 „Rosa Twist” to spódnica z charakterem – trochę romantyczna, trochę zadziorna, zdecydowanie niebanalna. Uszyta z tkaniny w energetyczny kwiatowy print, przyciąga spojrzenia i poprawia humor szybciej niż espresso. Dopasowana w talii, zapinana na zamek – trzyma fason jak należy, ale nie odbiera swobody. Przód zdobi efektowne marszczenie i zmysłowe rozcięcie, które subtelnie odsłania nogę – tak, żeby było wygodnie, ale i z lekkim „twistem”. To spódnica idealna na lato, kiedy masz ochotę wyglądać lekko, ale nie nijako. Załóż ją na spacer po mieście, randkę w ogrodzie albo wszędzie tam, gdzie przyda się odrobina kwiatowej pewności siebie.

----------------

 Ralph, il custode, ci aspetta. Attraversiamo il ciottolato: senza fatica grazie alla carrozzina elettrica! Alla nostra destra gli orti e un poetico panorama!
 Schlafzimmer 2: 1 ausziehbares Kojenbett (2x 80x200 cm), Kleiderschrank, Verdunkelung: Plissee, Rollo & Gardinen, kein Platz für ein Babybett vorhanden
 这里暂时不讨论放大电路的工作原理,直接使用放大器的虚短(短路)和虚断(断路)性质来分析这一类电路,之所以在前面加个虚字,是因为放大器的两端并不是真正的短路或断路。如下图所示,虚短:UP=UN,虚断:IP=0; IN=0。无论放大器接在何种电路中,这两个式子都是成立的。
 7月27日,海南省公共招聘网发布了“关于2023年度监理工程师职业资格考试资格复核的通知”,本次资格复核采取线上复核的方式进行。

----------------

**THE PROBLEM:**
The required answer is the exact run of lines above starting at the line with "这里暂时不讨论放大电路的工作" and ending at the line with "7月27日,海南省公共招聘网", with both ends present.

**TASK OUTPUT:**
 这里暂时不讨论放大电路的工作原理,直接使用放大器的虚短(短路)和虚断(断路)性质来分析这一类电路,之所以在前面加个虚字,是因为放大器的两端并不是真正的短路或断路。如下图所示,虚短:UP=UN,虚断:IP=0; IN=0。无论放大器接在何种电路中,这两个式子都是成立的。
 7月27日,海南省公共招聘网发布了“关于2023年度监理工程师职业资格考试资格复核的通知”,本次资格复核采取线上复核的方式进行。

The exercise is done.